Some remarks. If $ X$ can be embedded in $ Y$ , then $ \chi(X) \leqslant \chi(Y)$ . We also have that $ \chi(X \times Y) \leqslant \chi(X)\chi(Y)$ , because if $ (A_i)_{i \in I}$ and $ (B_j)_{j \in J}$ are respective partitions of $ X$ and $ Y$ into totally disconnected sets, then $ (A_i \times B_j)_{(i, j) \in I \times J}$ is so for $ X \times Y$ . We also have that $ \chi(\mathbb{R}) = 2$ , witnessed by the partition $ \{\mathbb{Q}, \mathbb{I}\}$ , where $ \mathbb{I}$ denote the set of irrational numbers. So $ \chi(\mathbb{R}^n) \leqslant 2^n$ .

But we have better. Actually, $ \chi(\mathbb{R}^2) \leqslant 3$ , witnessed by the partition $ \{\mathbb{Q}^2, (\mathbb{Q} \times \mathbb{I} \cup \mathbb{I}\times \mathbb{Q}), \mathbb{I}^2\}$ (where $ \mathbb{Q} \times \mathbb{I} \cup \mathbb{I}\times \mathbb{Q}$ is totally disconnected because it embeds into $ \mathbb{I}^2$ via $ (x, y) \mapsto (x + y, x – y)$ ). So $ \chi(\mathbb{R}^{2n}) \leqslant 3^n$ and $ \chi(\mathbb{R}^{2n + 1}) \leqslant 2 \times 3^n$ .
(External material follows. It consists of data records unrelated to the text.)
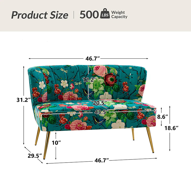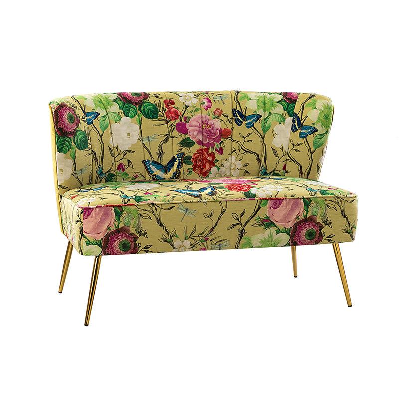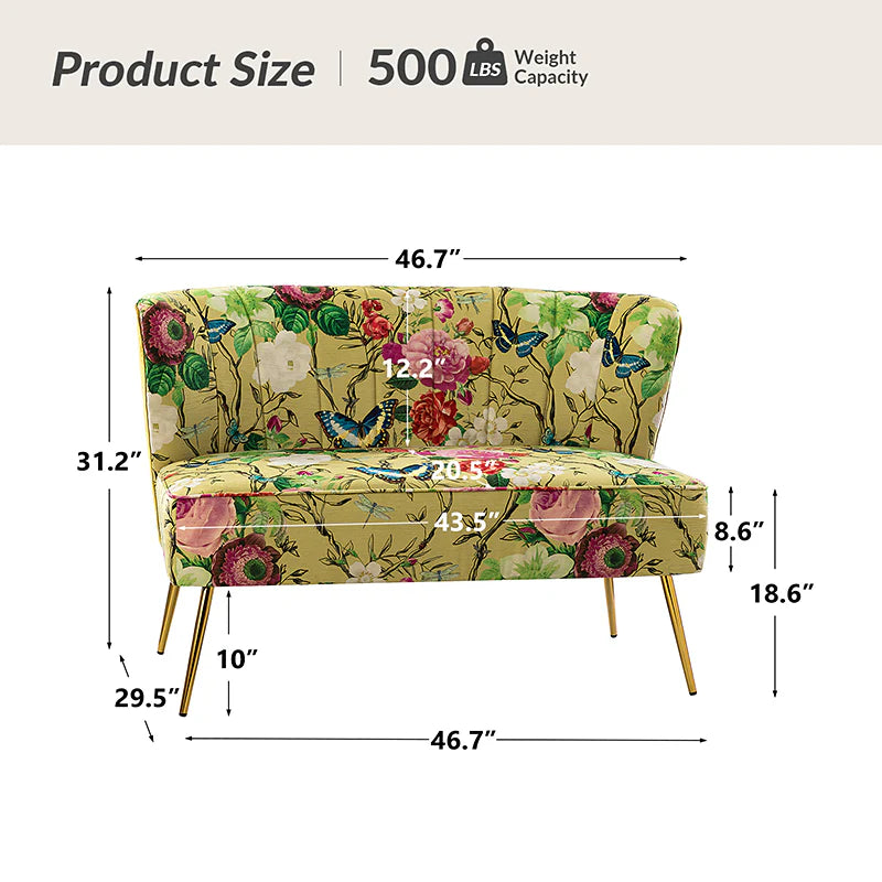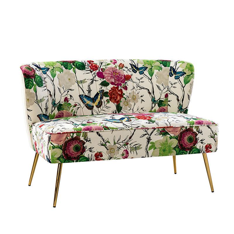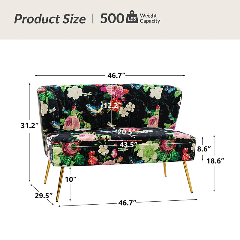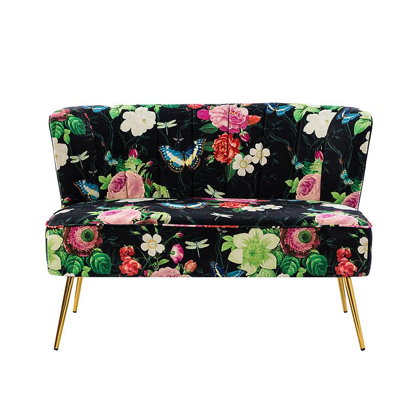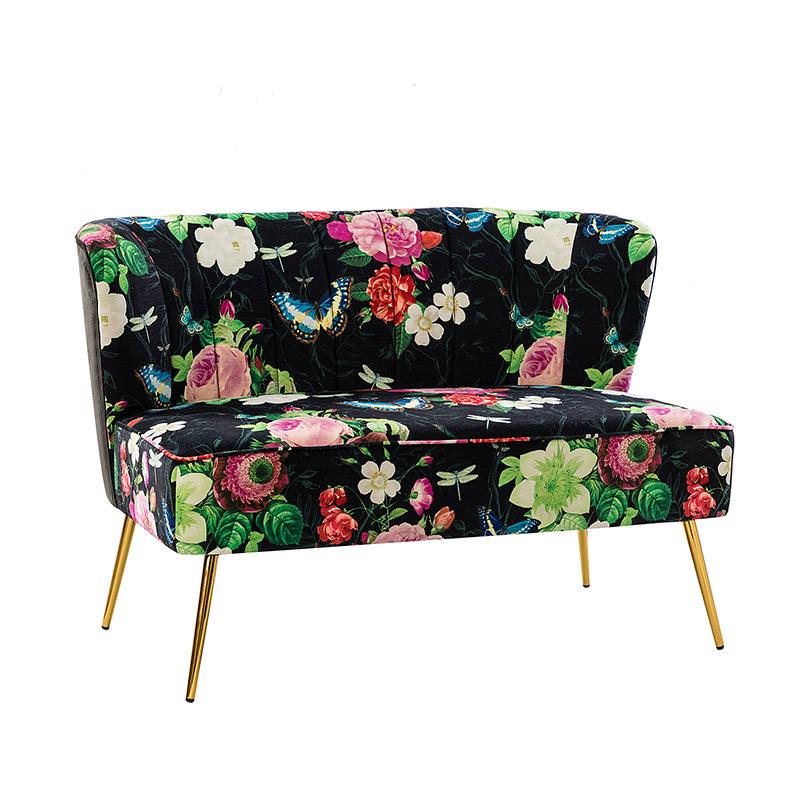 The exceptional design of this contemporary loveseat lets you create an intimate conversation area or a charming seating arrangement. The high-grade foam filling with a solid and manufactured wood frame showcases a perfect combination of comfort and support. Wrapped in a cozy fabric with dramatic floral patterns dotted, this remarkable loveseat features a channel-tufted back and plated metal legs, adding an incomparable glamor to your living spaces. Have no problems blending into your home decoration with unique characters and incredible durability. It's where quality meets great looks, suitable for bedroom, living room, and other scenes.
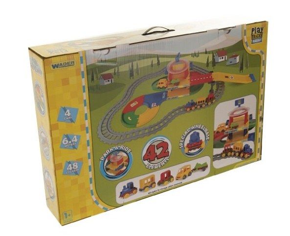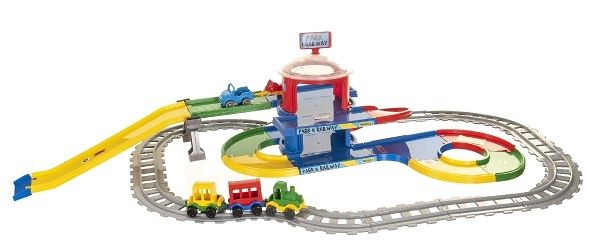 Tento malý set potěší každého malého řidiče a milovníka vláčků/autíček. Souprava sestává z železničních tratí a silnic s celkovou délkou 640 cm, dvouúrovňové garáže a dráhy, 4 vozidel a 42 doplňků - nálepky, podpěry apod. Veškeré příslušenství je vyrobeno z velice kvalitního plastu, který je odolný vůči mechanickému poškození. Výhodou tohoto produktu je barevný, lehký a snadno sestavitelný design a množství prvků, díky kterým je stavba mnohem zajímavější a poutavější. Dráha je též kompatibilní s autíčky Kid Cars Sport.
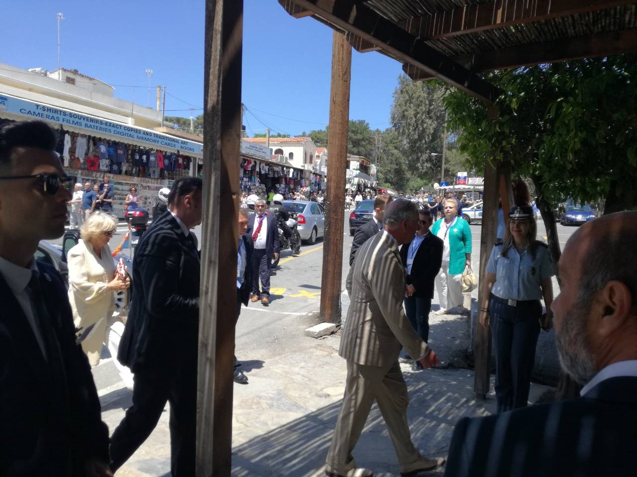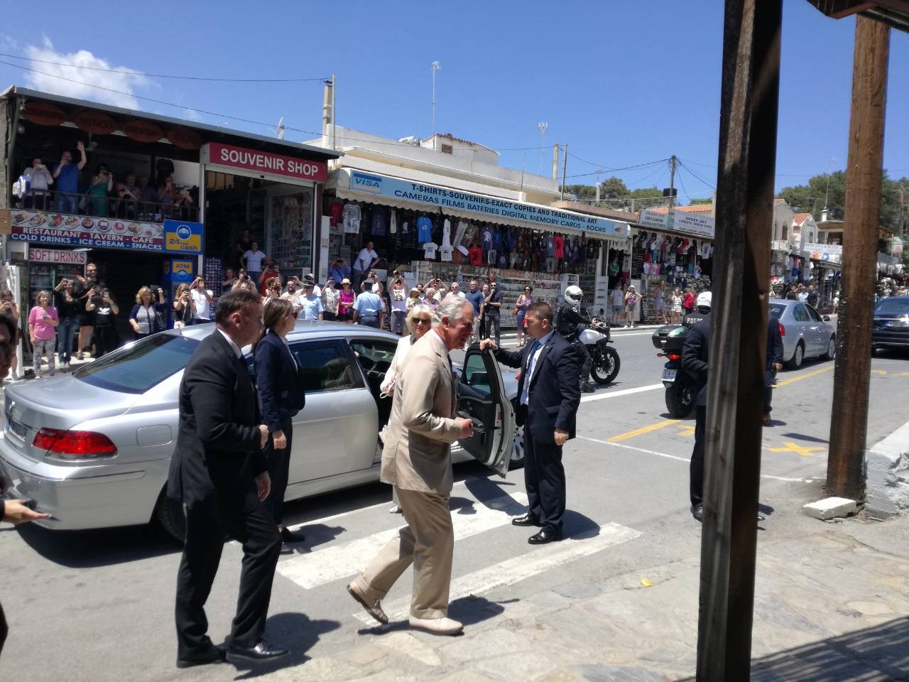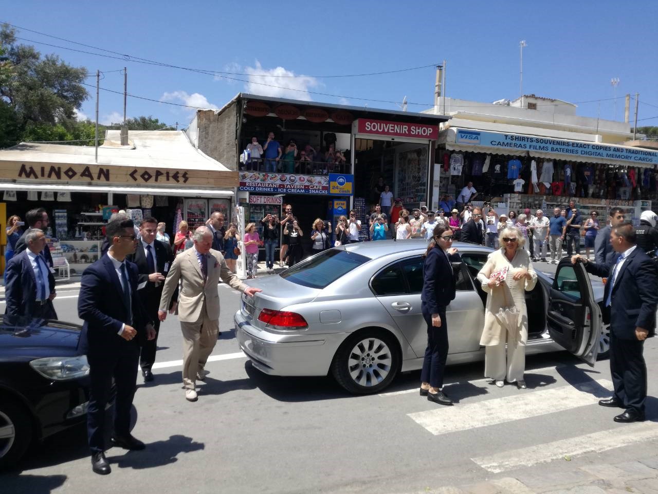 Λίγο πριν από τη 1 το μεσημέρι ο πρίγκιπας Κάρολος και η δούκισσα της Κορνουάλης, Καμίλα, έφτασαν στον αρχαιολογικό χώρο της Κνωσού.
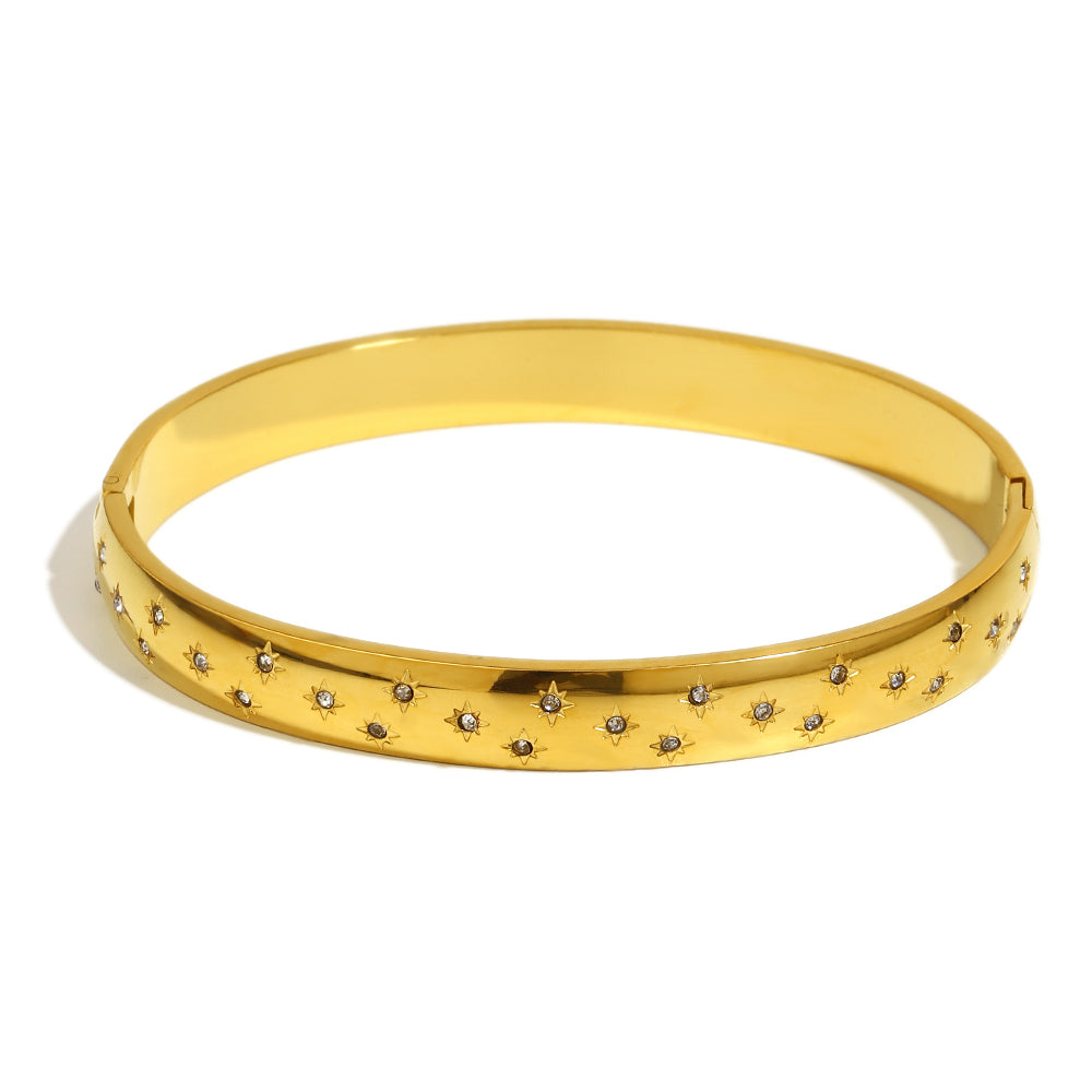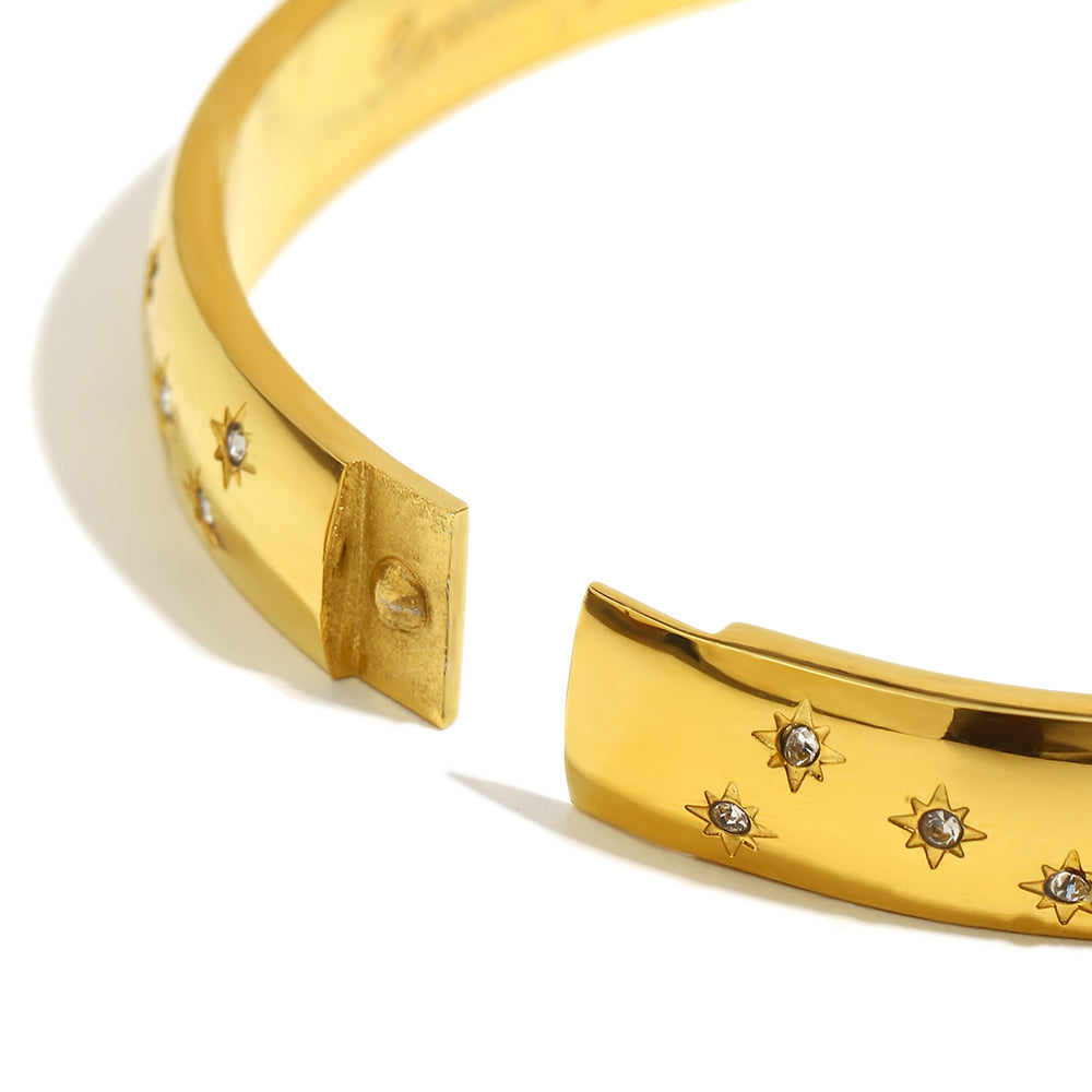 Alexandria's starry bangle is a thick gold bangle with white stars. This bangle clasps shut for an elegant finish.
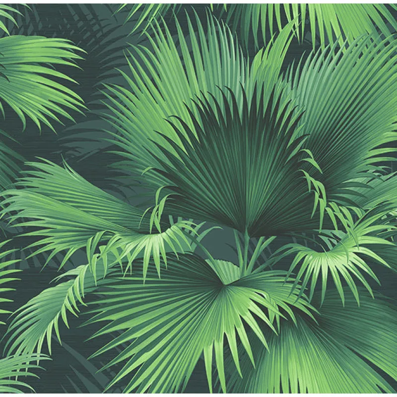 Forest green and bright green palm leaves fan out in natural half circles all over this fun wallpaper.
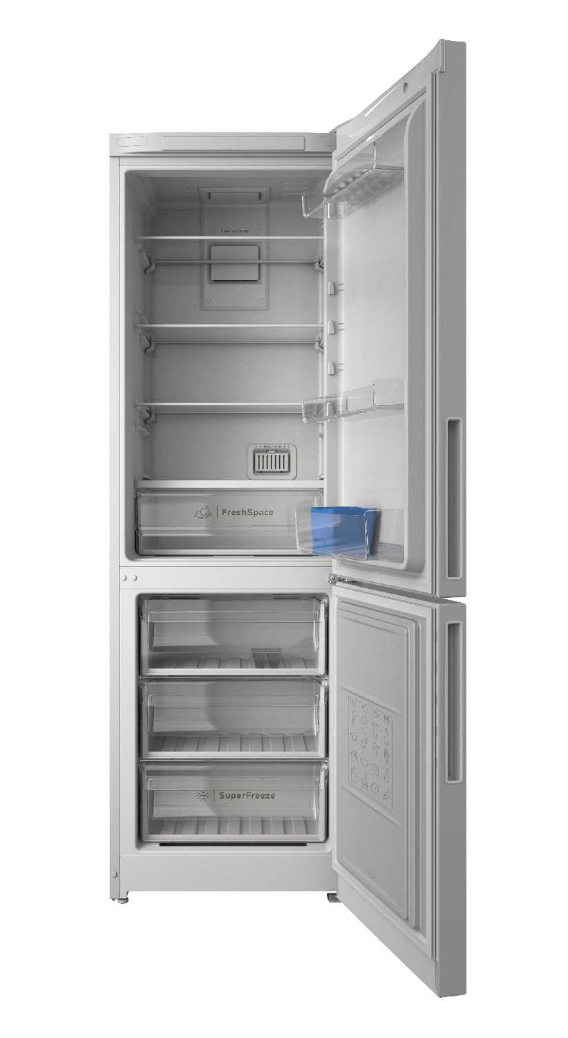 При росте пользователя 160-170 см не требуется наклоняться за часто используемыми продуктами из холодильного отсека. Заморозка распределена по 4 выдвижным контейнерам, что удобно для сортировки мяса, овощей, полуфабрикатов. При этом морозилка не "перегружает" верхнюю часть корпуса, снижая риск падения при неправильной транспортировке.
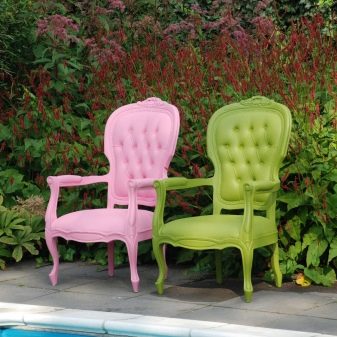 V moderním světě jsou nejoblíbenější výrobky ze dřeva a kovu.Mnoho designérů však doporučuje zvolit plastové židle a stoly. Plast je velmi praktický a nevyžaduje zvláštní péči.
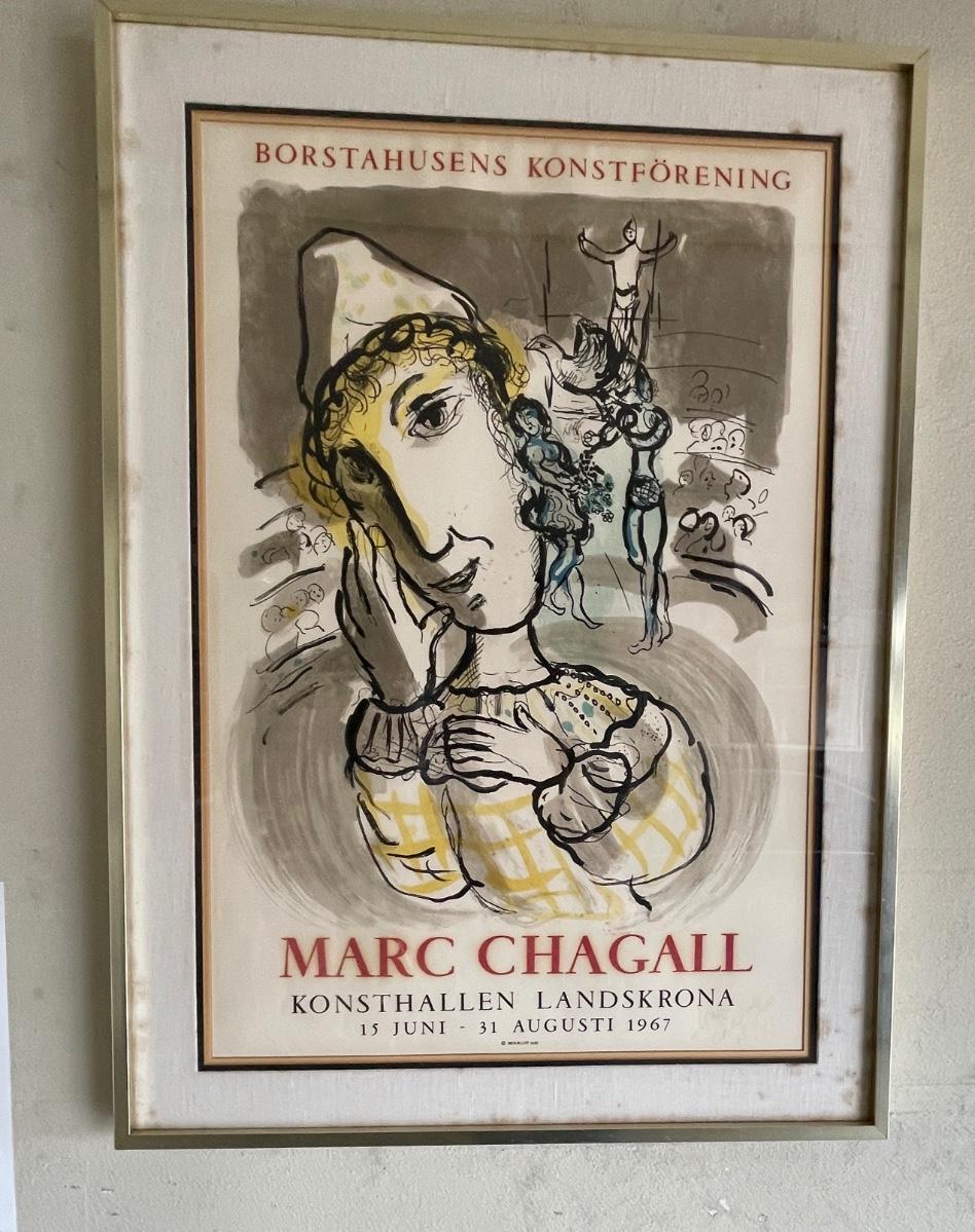 Signed by the artist in 1979. A poster announcing an art exhibition in Sweden in 1967. Marc Chagall's work "The Circus with the Yellow Clown" was exhibited at the Konsthallen Landskrona in Landskrona, Sweden from June 15 to August 31, 1967. The exhibition was presented by Borstahusens Konstfrening Gallery.
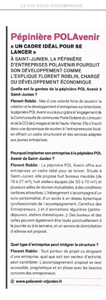 🙏Nous remercions chaleureusement la CCI DE LIMOGES ET DE LA HAUTE-VIENNE pour son article consacré à notre pépinière d’entreprises Pol Avenir dans son magazine Actions.

My conjecture is that $ \chi(\mathbb{R}^n) = n + 1$ . For the upper bound, I suspect that some partition of the form $ \{A_0, \ldots A_n\}$ where $ A_i$ is the set of elements of $ \mathbb{R}^n$ having exactly $ i$ rational coordinates could work, but I don’t manage to prove anything. For the lower bound, I only have an intuition given by the following “image”: if you consider $ A \subseteq \mathbb{R}^n$ totally disconnected, then it sounds reasonable to think that there exists a set $ B\subseteq \mathbb{R}^n$ , homeomorphic to $ \mathbb{R}^{n – 1}$ , passing “between” the points of $ A$ ; however, this is just an inutuition and I don’t know if it is true. I suspect that some algebraic topology would be needed to prove that, but I have almost no experience in this field so I couldn’t investigate more; I am not even able to show that $ \chi(\mathbb{R}^n) > 2$ for some $ n$ .

An other possibility would be that $ \chi(\mathbb{R}^n) = 2$ for every $ n$ , because of some “weird” colouring. What makes me suspect that is that if we replace “connected” by “arcwise connected” in the definition of the chromatic number, then it becomes easy to build a partition of $ \mathbb{R}^n$ into two parts each of which having no non-trivial arcwise connected subset, by a diagonal argument using the axiom of choice. However, this proof uses the fact that there are exactly $ \mathfrak{c}$ arcs $ \gamma : [0, 1] \longrightarrow \mathbb{R}^n$ . To do the same proof for connected sets, we would need the existence of a family of $ \mathfrak{c}$ non-trivial connected subsets of $ \mathbb{R}^n$ such that every non-trivial connected subset of $ \mathbb{R}^n$ has a subset in this family, and I don’t think that such a family exists (but I don’t know).

In case where we manage to prove that $ \chi(\mathbb{R}^n) = 2$ thanks to some construction using the axiom of choice, it would be interesting to investigate what happens if we impose some restriction on the complexity of the sets in the partition, for example to be Borel.